◆ WORK TO COMPLETE: Every entry must be set down exactly in the answer; no pictures should appear.

(Stored records)

[Start of Attachment]

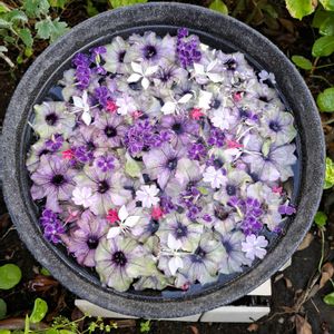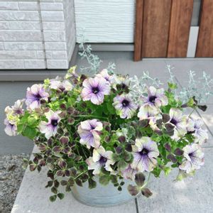 毎日、暑くて🥵 朝はAM4時起きして、お花の手入れをしていますが、終わる頃には滝汗の毎日。 ですが、綺麗に咲いている姿を見ると頑張れます😄 前回の満開からカットして2週間、再び咲き誇ってくれました💕💕🥰 1・タフチュニアのシルバーベリー 2と3枚目 ペチュニア レイシャドウ 4.ペチュニア スーパーチュニア ミニ ピンクとブルー 奥 の黄色🟡は、カスカディアスインディアンサマー 5.ペチュニア アマゾナスプラムコカトュー
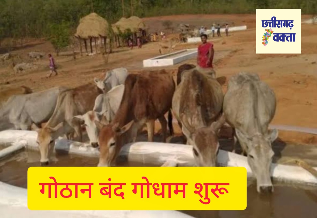 छत्तीसगढ़ में आज से होगी गौधाम योजना की शुरुआत जिसके तहत अलग-अलग जिलों और ब्लॉकों में गौधाम/गौशाला बनाए जाएंगे l गौ धाम में आवारा और जब्त किए गए पशुओं को रखा जाएगा l पशुओं के रहने के लिए सुरक्षित शेड, साफ-सफाई, मेडिकल और पानी की व्यवस्था होगी तथा गायों के लिए नियमित चारा, भूसा और हरा चारा उपलब्ध कराया जाएगा l वहीं समय-समय पर टीकाकरण और स्वास्थ्य जांच होगी l प्रदेश में प्रत्येक विकासखण्ड में 10 गौधाम तथा पूरे राज्य में 1460 गौधाम बनेंगे ल वर्तमान में 36 गौ धामों की प्रशासकीय स्वीकृति प्राप्त हो चुकी है तथा 116 गौ धामों की प्रशासकीय स्वीकृति प्रक्रियाधीन है l प्रदेश में प्रथम चरण में कुल 152 गौ धामों की स्थापना की जा रही है l
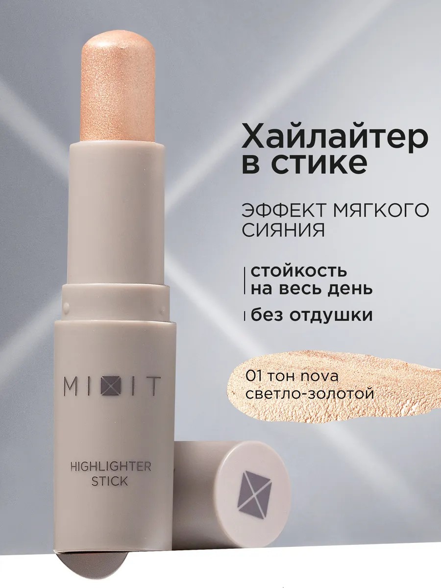 МИКСИТ Make Up Highlighter Stick – золотой мерцающий хайлайтер для лица в карандаше, тон 1. Кремовый хайлайтер в стике – идеальный помощник для создания безупречного макияжа. Этот универсальный продукт легко наносится и подходит для любого типа кожи. Формула включает свет отражающие частицы, которые придают коже нежный блеск и здоровое сияние. Вы можете использовать его как скульптор для контуринга или как хайлайтер карандаш для добавления акцентов на декольте, лицо, нос, щеки и другие зоны.
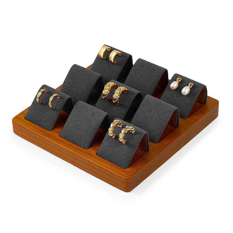 Oirlv Solid Wood 9 Location Earring Stand Jewellery Display Stand Holder Microfibre Surface (Grey)
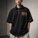 تیشرت نیم زیپ مشکی طرح 1983 | تیشرت پنبه دو نخ دورس مسترکوالیتی با استایل مدرن
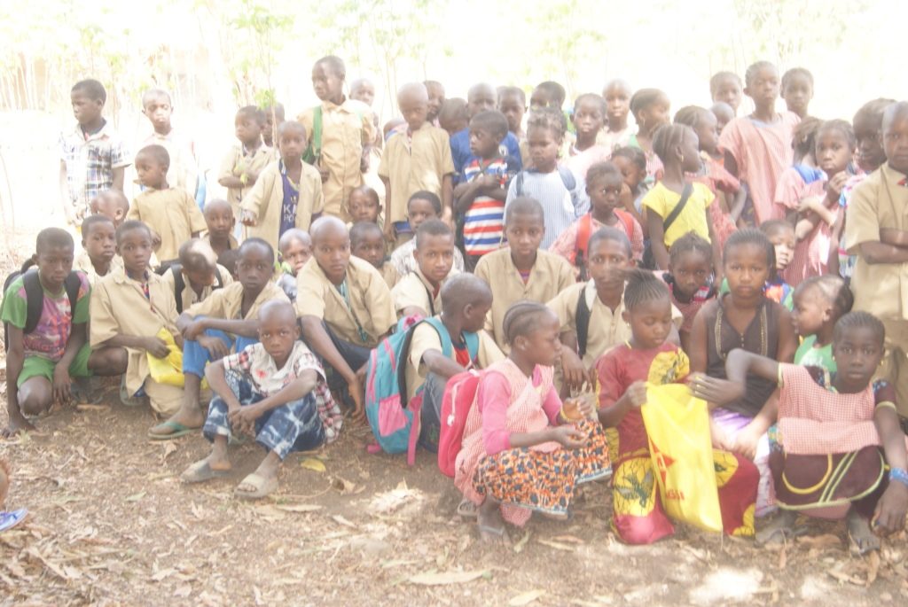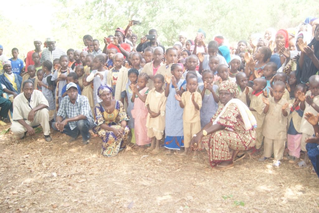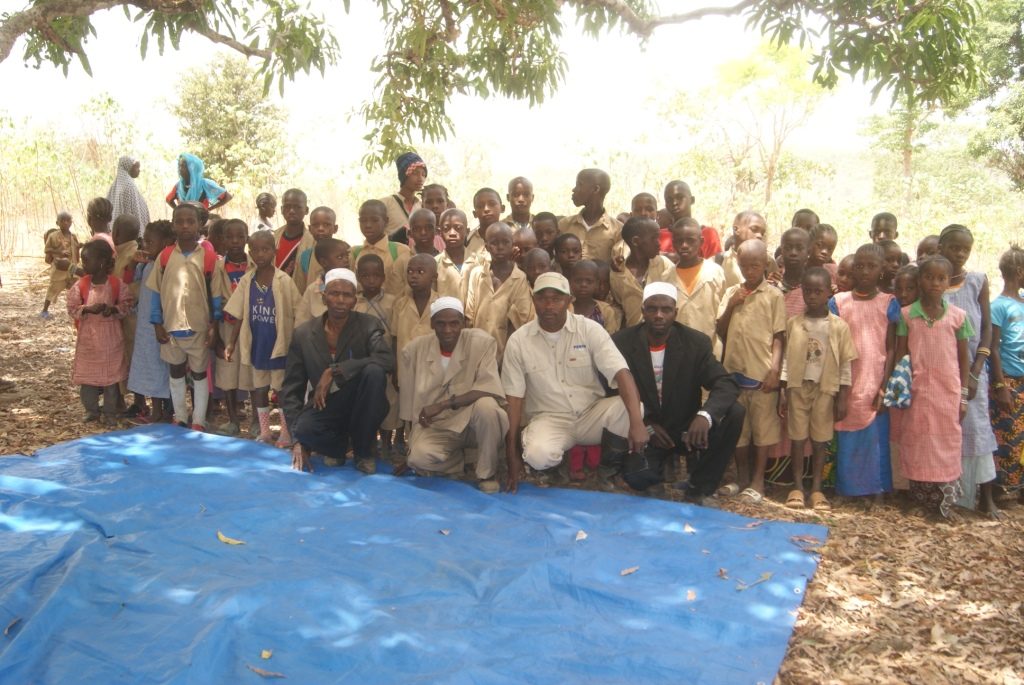 Mme Mariama Korka Diallo lenseignante de Benguérin assise au milieu 3 membres de lAPEAE et les éleves de Benguérin
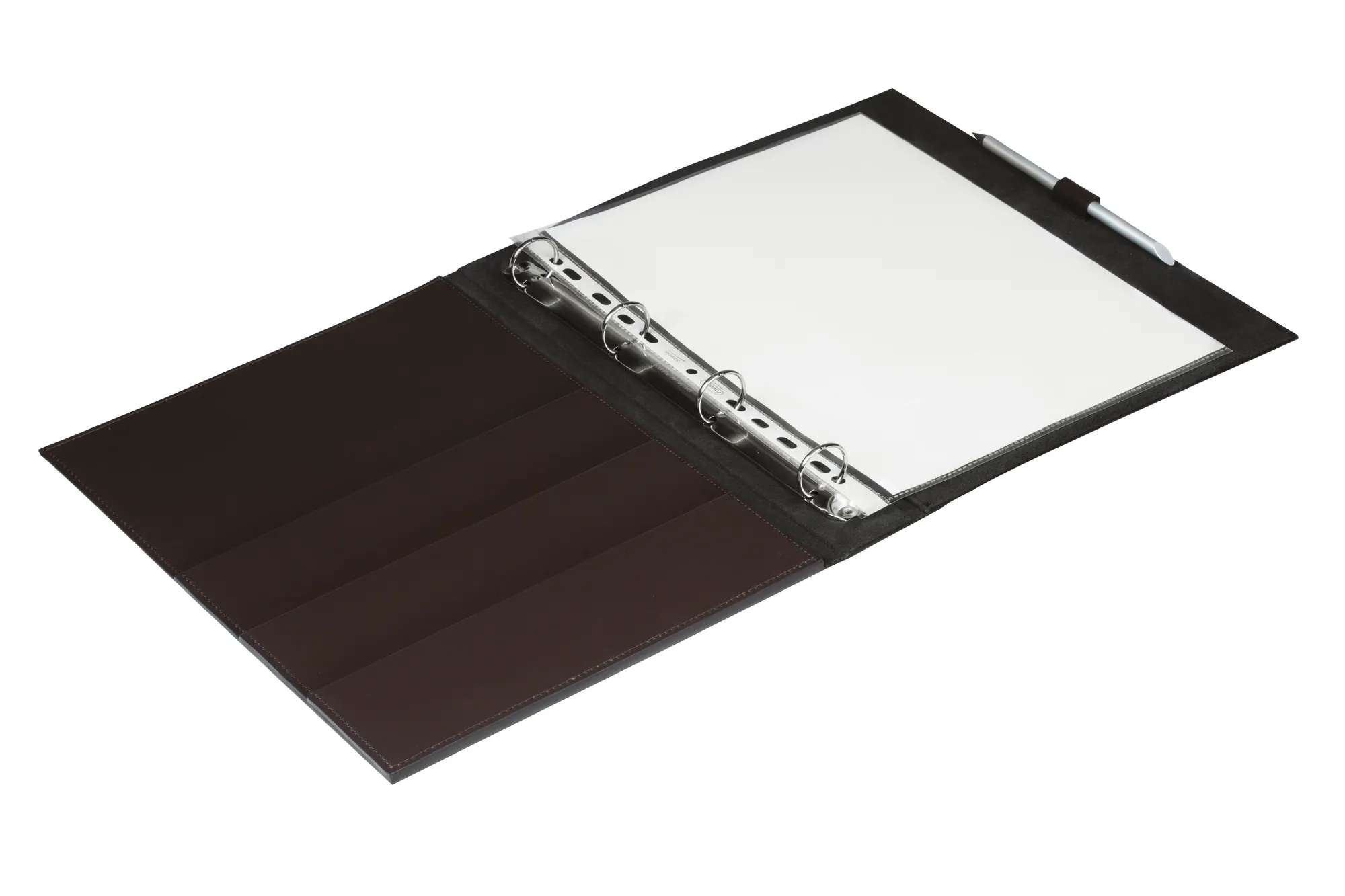 Finest regenerated leather structure with water-resistant and UV-resistant finish. Provided with pen holder adjustable to different pen sizes. Black microfiber lining.

[End of Attachment]

◆ SOLUTION TO THIS PROBLEM:
 毎日、暑くて🥵 朝はAM4時起きして、お花の手入れをしていますが、終わる頃には滝汗の毎日。 ですが、綺麗に咲いている姿を見ると頑張れます😄 前回の満開からカットして2週間、再び咲き誇ってくれました💕💕🥰 1・タフチュニアのシルバーベリー 2と3枚目 ペチュニア レイシャドウ 4.ペチュニア スーパーチュニア ミニ ピンクとブルー 奥 の黄色🟡は、カスカディアスインディアンサマー 5.ペチュニア アマゾナスプラムコカトュー
 छत्तीसगढ़ में आज से होगी गौधाम योजना की शुरुआत जिसके तहत अलग-अलग जिलों और ब्लॉकों में गौधाम/गौशाला बनाए जाएंगे l गौ धाम में आवारा और जब्त किए गए पशुओं को रखा जाएगा l पशुओं के रहने के लिए सुरक्षित शेड, साफ-सफाई, मेडिकल और पानी की व्यवस्था होगी तथा गायों के लिए नियमित चारा, भूसा और हरा चारा उपलब्ध कराया जाएगा l वहीं समय-समय पर टीकाकरण और स्वास्थ्य जांच होगी l प्रदेश में प्रत्येक विकासखण्ड में 10 गौधाम तथा पूरे राज्य में 1460 गौधाम बनेंगे ल वर्तमान में 36 गौ धामों की प्रशासकीय स्वीकृति प्राप्त हो चुकी है तथा 116 गौ धामों की प्रशासकीय स्वीकृति प्रक्रियाधीन है l प्रदेश में प्रथम चरण में कुल 152 गौ धामों की स्थापना की जा रही है l
 МИКСИТ Make Up Highlighter Stick – золотой мерцающий хайлайтер для лица в карандаше, тон 1. Кремовый хайлайтер в стике – идеальный помощник для создания безупречного макияжа. Этот универсальный продукт легко наносится и подходит для любого типа кожи. Формула включает свет отражающие частицы, которые придают коже нежный блеск и здоровое сияние. Вы можете использовать его как скульптор для контуринга или как хайлайтер карандаш для добавления акцентов на декольте, лицо, нос, щеки и другие зоны.
 Oirlv Solid Wood 9 Location Earring Stand Jewellery Display Stand Holder Microfibre Surface (Grey)
 تیشرت نیم زیپ مشکی طرح 1983 | تیشرت پنبه دو نخ دورس مسترکوالیتی با استایل مدرن
 Mme Mariama Korka Diallo lenseignante de Benguérin assise au milieu 3 membres de lAPEAE et les éleves de Benguérin
 Finest regenerated leather structure with water-resistant and UV-resistant finish. Provided with pen holder adjustable to different pen sizes. Black microfiber lining.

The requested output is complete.